━━━ Material to process ━━━
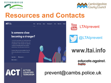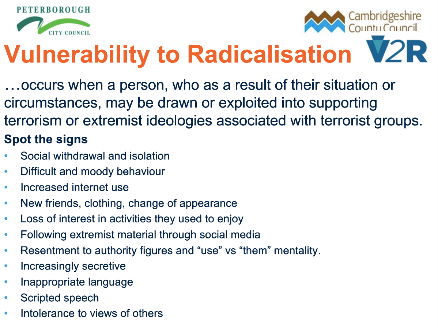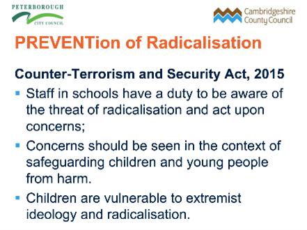 Staff at Comberton Village College are trained on PREVENTion of Radicalisation to be aware of the threat, spotting the signs and how to report any concerns.
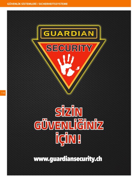 GÜVENLİK SİSTEMLERİ / SICHERHEITSSYSTEME 118 SİZİN GÜVENLİĞİNİZ İÇİN! www.guardiansecurity.ch Post Bizim Rehber Isvicre Seite 118 08.05.2014 11:59:29
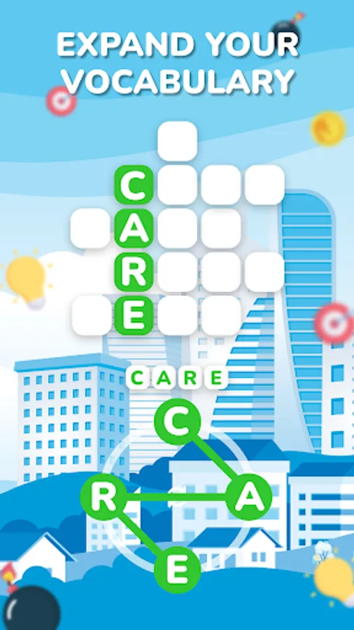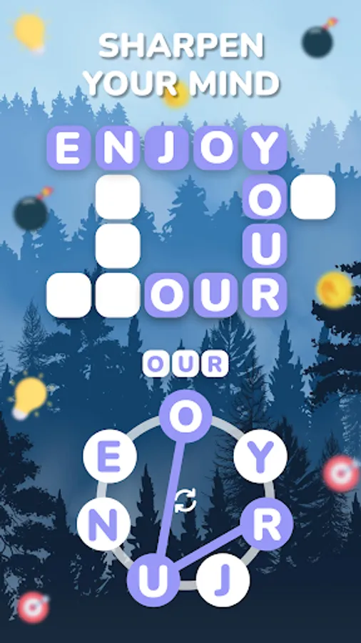 Swipe the letters, fill the blocks, enjoy magnificent backgrounds and learn something new every day. This beautiful game provides both brain training and great relaxation! Starting with only three letters, you will advance in solving crossword puzzles and easily cope with harder and harder levels!
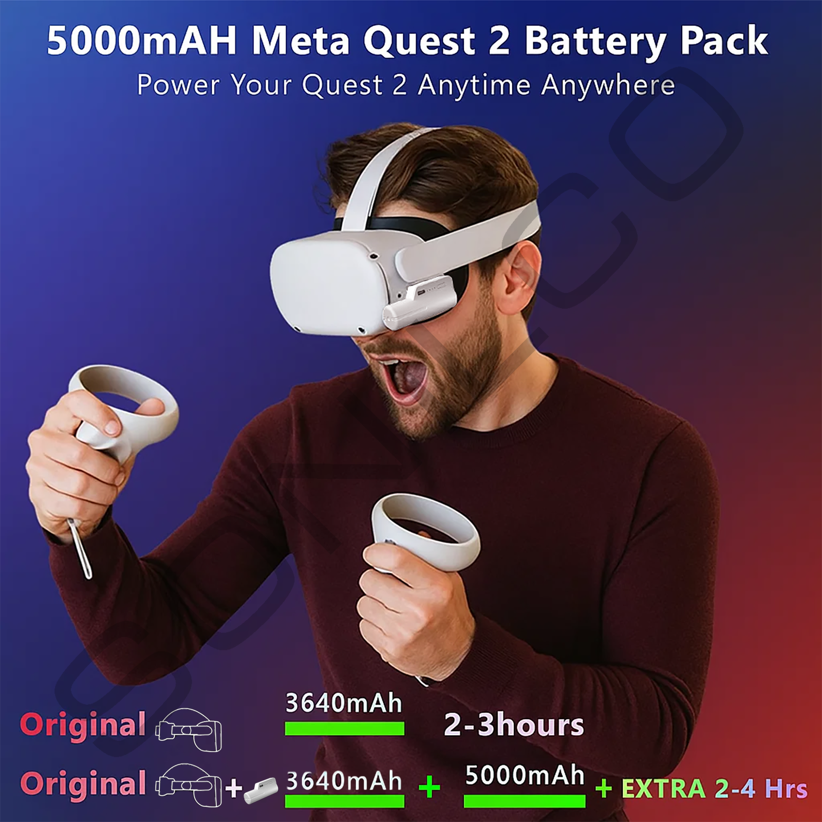 Extend your VR playtime with the Sonilco 5000 mAh Type-C Power Bank, designed specifically for Meta Quest 2/3/3s. Lightweight, portable, and powerful, this battery pack provides up to 4 extra hours of gaming while offering safe and reliable fast charging.
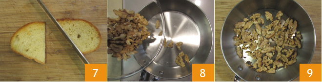 Teilen Sie die gerösteten Brotscheiben in zwei Hälften 7. Nun geben Sie die Walnusskerne in eine andere heiße Pfanne 8 und rösten sie für etwa 2 Minuten 9.
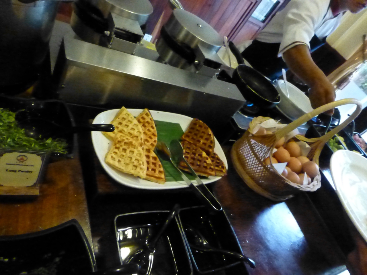 1階にて無料の朝食あり。入店時にルームナンバー聞かれる事もあります。メニュー豊富でオープンキッチンでお好みの卵料理やホー麵・ワッフルあり。
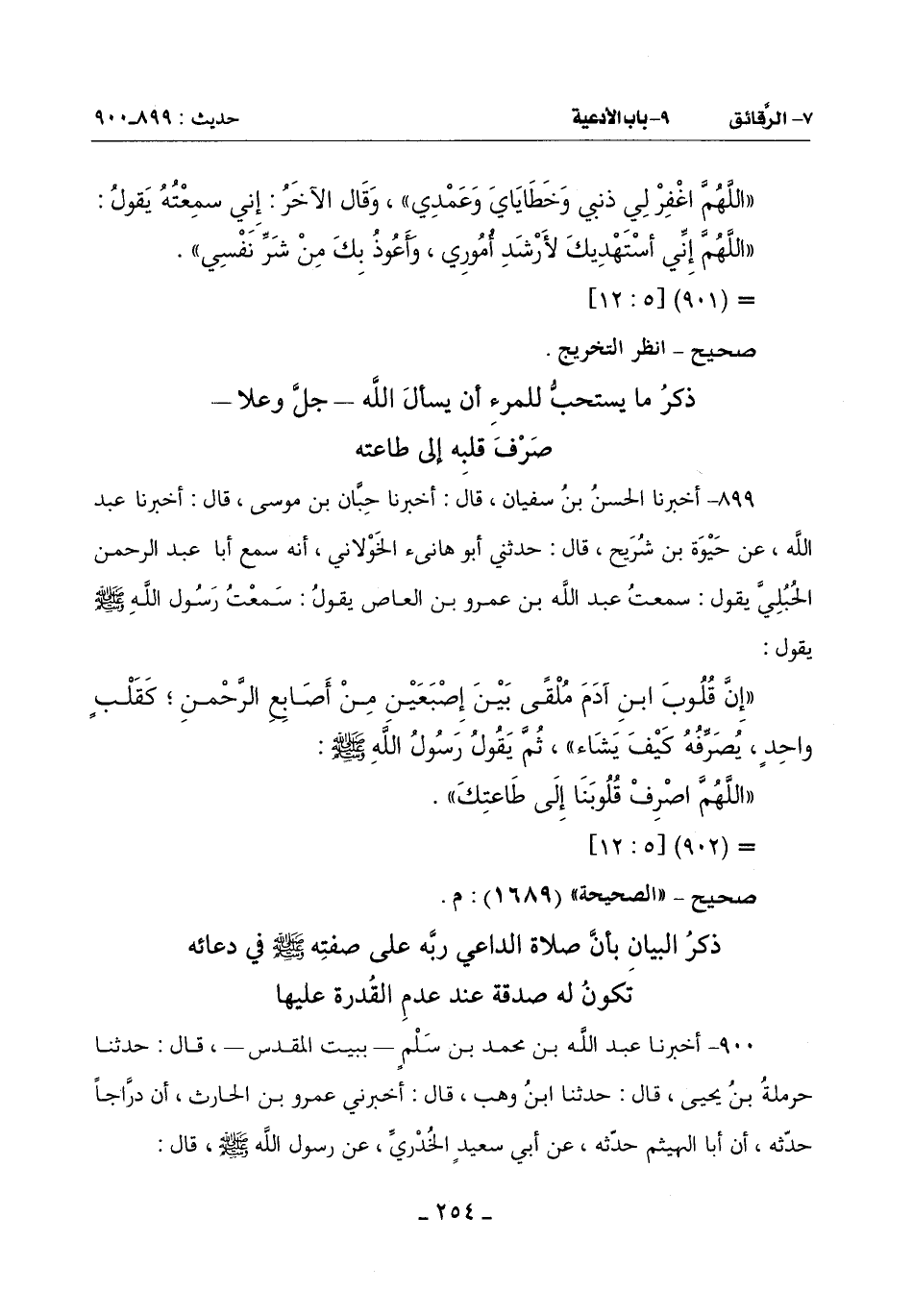 ذِكْرُ مَا يُسْتَحَبُّ لِلْمَرْءِ أَنْ يَسْأَلَ اللَّهَ جَلَّ وَعَلَا صَرْفَ قَلْبِهِ إِلَى طَاعَتِهِ
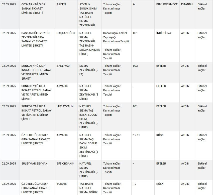 Ticaret Bakanlığı tarafından yayınlanan taklit ve tağşiş yapılan ürünler listesine göre bazı firmaların ürettiği zeytinyağlarında tohum yağı, et ürünlerinde kanatlı et ve sakatat tespit edildi. Gıda boyası tespit edilen çaylar, domates tespit edilen baharatlar ve taklit ve tağşiş yapıldığı ortaya çıkan ballar da listede ifşa edildi.
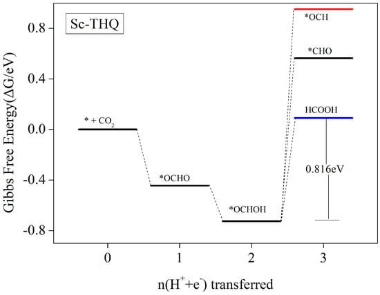 According to the scheme in Figure 5, the first-step protonation of CO after the adsorption of Sc-THQ occurs in the presence of external electricity potential to form *COOH or *OCHO intermediates. However, according to Figure 4, it can be seen that the Sc-HQ catalyst requires crossing a relatively high energy bar for the formation of *COOH intermediates in the first step of protonation, and the competitive reaction with HER shows weakness; thus, we only consider the generation of an *OCHO intermediate step in the electrocatalytic CO reduction process.
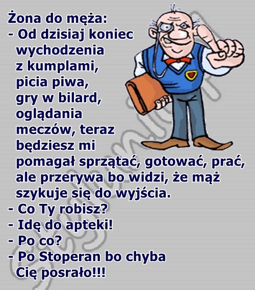- Widzicie, bierzemy sklanecke wina... no dwie... góra cy i wlewamy do garnka. Później bierzemy sklanecke piwa... no dwie... góra cy i wlewamy do tego samego garnka. Następnie sklanecke wódecki... dwie... no góra cy i wlewamy to do tego samego garnecka. Na koniec bierzemy sklanecke koniacku... no dwie... góra cy i wlewamy do garnka. Garnek stawiamy na ogniu i miesając grzejemy cas jakiś. Później nalewamy i pijemy sklanecke... dwie... no góra cy. Po wypiciu wstajemy... robimy krocek... dwa... no góra cy!
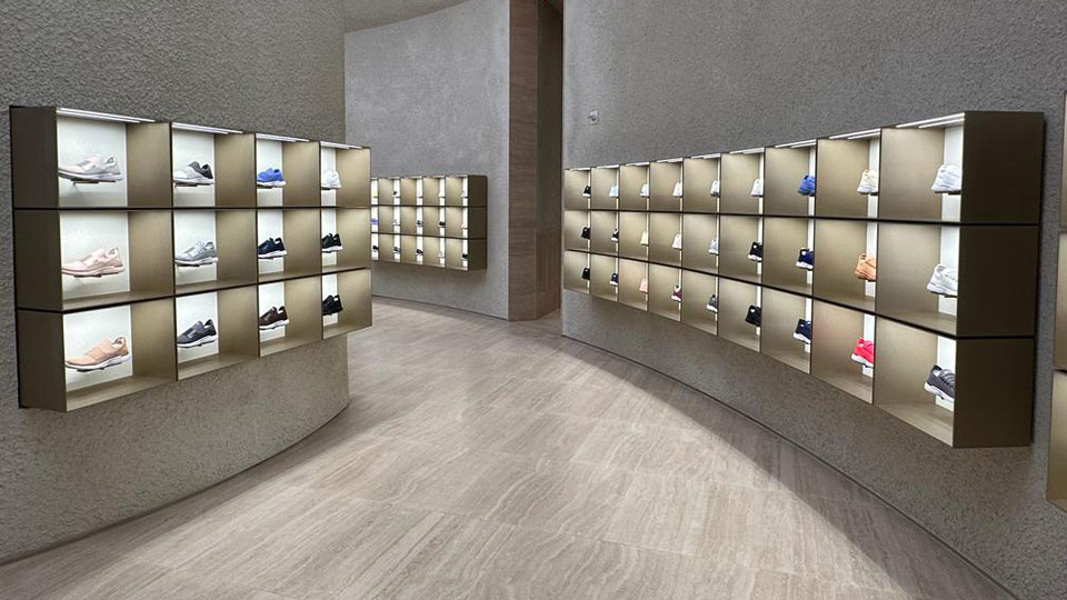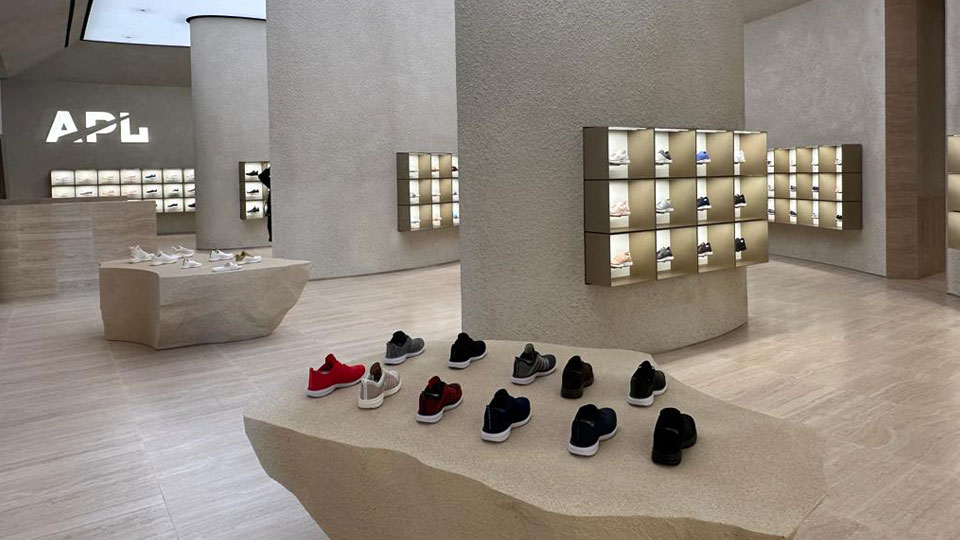 A APL, que significa Athletic Propulsion Labs, é pioneira na venda de calçados de luxo de alta performance. A loja no Soho tem um design simples e minimalista, com uma iluminação diferente das lojas de calçados tradicionais. Os calçados expostos em boxes iluminados deixam a experiência do cliente semelhante a uma galeria. Outros calçados são expostos em bases em forma de pedra, com topos achatados para destacar os sapatos colocados em cima deles, iluminados de cima para criar uma sensação de cerimônia. Eventos e atividades relacionados a saúde e fitness são frequentemente realizados na loja, criando uma comunidade vibrante para os entusiastas do esporte.
━━━
:: Exercise aim ::
Print the records above again exactly. Leave out the images.

:: Your solution ::
 Staff at Comberton Village College are trained on PREVENTion of Radicalisation to be aware of the threat, spotting the signs and how to report any concerns.
 GÜVENLİK SİSTEMLERİ / SICHERHEITSSYSTEME 118 SİZİN GÜVENLİĞİNİZ İÇİN! www.guardiansecurity.ch Post Bizim Rehber Isvicre Seite 118 08.05.2014 11:59:29
 Swipe the letters, fill the blocks, enjoy magnificent backgrounds and learn something new every day. This beautiful game provides both brain training and great relaxation! Starting with only three letters, you will advance in solving crossword puzzles and easily cope with harder and harder levels!
 Extend your VR playtime with the Sonilco 5000 mAh Type-C Power Bank, designed specifically for Meta Quest 2/3/3s. Lightweight, portable, and powerful, this battery pack provides up to 4 extra hours of gaming while offering safe and reliable fast charging.
 Teilen Sie die gerösteten Brotscheiben in zwei Hälften 7. Nun geben Sie die Walnusskerne in eine andere heiße Pfanne 8 und rösten sie für etwa 2 Minuten 9.
 1階にて無料の朝食あり。入店時にルームナンバー聞かれる事もあります。メニュー豊富でオープンキッチンでお好みの卵料理やホー麵・ワッフルあり。
 ذِكْرُ مَا يُسْتَحَبُّ لِلْمَرْءِ أَنْ يَسْأَلَ اللَّهَ جَلَّ وَعَلَا صَرْفَ قَلْبِهِ إِلَى طَاعَتِهِ
 Ticaret Bakanlığı tarafından yayınlanan taklit ve tağşiş yapılan ürünler listesine göre bazı firmaların ürettiği zeytinyağlarında tohum yağı, et ürünlerinde kanatlı et ve sakatat tespit edildi. Gıda boyası tespit edilen çaylar, domates tespit edilen baharatlar ve taklit ve tağşiş yapıldığı ortaya çıkan ballar da listede ifşa edildi.
 According to the scheme in Figure 5, the first-step protonation of CO after the adsorption of Sc-THQ occurs in the presence of external electricity potential to form *COOH or *OCHO intermediates. However, according to Figure 4, it can be seen that the Sc-HQ catalyst requires crossing a relatively high energy bar for the formation of *COOH intermediates in the first step of protonation, and the competitive reaction with HER shows weakness; thus, we only consider the generation of an *OCHO intermediate step in the electrocatalytic CO reduction process.
- Widzicie, bierzemy sklanecke wina... no dwie... góra cy i wlewamy do garnka. Później bierzemy sklanecke piwa... no dwie... góra cy i wlewamy do tego samego garnka. Następnie sklanecke wódecki... dwie... no góra cy i wlewamy to do tego samego garnecka. Na koniec bierzemy sklanecke koniacku... no dwie... góra cy i wlewamy do garnka. Garnek stawiamy na ogniu i miesając grzejemy cas jakiś. Później nalewamy i pijemy sklanecke... dwie... no góra cy. Po wypiciu wstajemy... robimy krocek... dwa... no góra cy!
 A APL, que significa Athletic Propulsion Labs, é pioneira na venda de calçados de luxo de alta performance. A loja no Soho tem um design simples e minimalista, com uma iluminação diferente das lojas de calçados tradicionais. Os calçados expostos em boxes iluminados deixam a experiência do cliente semelhante a uma galeria. Outros calçados são expostos em bases em forma de pedra, com topos achatados para destacar os sapatos colocados em cima deles, iluminados de cima para criar uma sensação de cerimônia. Eventos e atividades relacionados a saúde e fitness são frequentemente realizados na loja, criando uma comunidade vibrante para os entusiastas do esporte.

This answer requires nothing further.